Fig. 3: Potential mechanisms for asymmetric learning.

a Schematic of the Mechanism 1. Increases or decreases in baseline dopamine modulate the degree to which bursts and pauses in dopamine cause changes in D1R and D2R occupancy. Increases in baseline dopamine make dopamine pauses to cause greater decreases in D2R occupancy than the increases in D1R occupancy caused by dopamine bursts. Conversely, decreases in dopamine make dopamine bursts to cause smaller increases in D1R occupancy than the decreases in D2R occupancy caused by dopamine pauses. b Schematic of the change in receptor occupancies in D1R and D2R, for a given transient increase or decrease in dopamine, caused by a firing rate ‘burst’ or ‘pause’, receptively. The slope is modulated by the baseline dopamine (colormap) and is equivalent to the receptor’s sensitivity to dopamine transients (\({f}^{{{{\rm{D}}}}1}\) and \({f}^{{{{\rm{D}}}}2}\) in Eq. 9). Here \({\sigma }^{{{{\rm{D}}}}1}\), \({\sigma }^{{{{\rm{D}}}}2}\) corresponds to the receptors’ dose-occupancy curves. The receptor sensitivities (\({f}^{{{{\rm{D}}}}1}\) and \({f}^{{{{\rm{D}}}}2}\)), act as asymmetric learning rates in our model (\({\alpha }^{+}\) and \({\alpha }^{-}\)). c Receptor sensitivity for D1R and D2R as a function of baseline dopamine. d Asymmetric scaling factor (\(\tau\)) as a function of baseline dopamine. Colors depict how ‘optimistic’ or ‘pessimistic’ the convergent value estimate will be when learning with a given \(\tau\). e Schematic of Mechanism 2. Left, the relationship between dopamine reward responses (spikes/s denoted by \({\psi }^{+}\) and \({\psi }^{-}\) for dopamine bursts and pauses, respectively) and RPEs.
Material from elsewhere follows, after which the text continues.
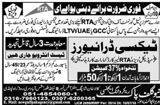 LTV Taxi Drivers Job In RTA Dubai Taxi

The slopes of these response functions correspond to the asymmetric learning rates (\({\alpha }^{+}\), \({\alpha }^{-}\)) for positive and negative RPEs, respectively. Colors depict how optimistic or pessimistic the convergent value estimate will be when learning with a given asymmetric scaling factor. Source data provided in ‘source_data/figure_3’.